Globalisasi juga mempengaruhi sistem pendidikan. Penetrasi budaya global terhadap kehidupan masyarakat Indonesia akan direspon secara berbeda oleh kalangan pendidikan: permisif, defensif, dan transformatif. Tuntutan demokratisasi pada akhirnya juga mengarah pada sistem pengolaan pendidikan; tuntutan pengolaan pendidikan yang lebih otonom dan beragam., tuntutan partisipasinya masyarakat khususnya dalam pengawasan mutu pendidikan yang transparan dan bertanggung jawab, dan tuntutan untuk mengimplemantasikan pradigma pendidikan yang menekankan peran aktif siswa.

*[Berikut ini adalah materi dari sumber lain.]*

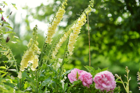 Beautiful yellow foxglove flowers blossoming in the garden on sunny summer day. Digitalis purpurea blooming on a flower bed.

Lembaga pendidkan Islam harus memiliki orientasi yang jelas ibarat kendaraan, orientasi seperti trayek, yaitu jalur yang harus dilalui untuk mencapai tujuan. Dengan pengertian lain, orientasi itu layaknya sasaran yang mengantarkan pada tujuan, oleh karena itu orientasi dapat membuat gerak pendidikan lebih terarah, teratur, dan terencana. Untuk merumuskan orientasi tersebut perlu mempertimbangkan fenomena-fenomena yang terjadi dimasyarakat terkait dengan pendidikan anak.

Selain dari pengawasan keluarga dan lembaga , generasi milineal harus diperhatikan saat bergaul dan berbaur dilingkungannya, karena lingkungan adalah sebagai tempat interaksinya manusia dengan makhluk hidup lainnnya. Jadi, otomatis jika kita tak menanamkan pendidikan Islam sejak dini maka anak-anak generasi milineal tidak akan besikap baik seperti orang yang tak bermoral, karena pada dasarnya manusia adalah makhluk sosial yang memiliki rasa tanggung jawab dan sikap bermoral. Secara potensial memang setiap individu (anak) dilahirkan membawa fitrah agama, namun potensi yang dimiliki tersebut tanpa adanya dukungan atau pengaruh dari luar atau lingkungan dimana ia tinggal, keluarga, sekolah dan masyarakat, maka jauh kemungkinannya bisa berkembang sebagaimana semestinya.

Perkembangan agama pada generasi milineal, terjadi melalui pengalaman hidupnya sejak lahir, dalam keluarga, di sekolah dan di masyarakat. Semakin banyak pengalaman bersifat agama, tindakan, kelakuan dan cara menghadapi hidup akan sesuai dengan ajaran agama. Pendidikan agama Islam dilakukan agar generasi milineal tidak terjerumus ke hal negativ yang tidak diinginkan dan dapan memiliki etika, karakteristik yang baik sesuai dengan ajaran agama dan Negara.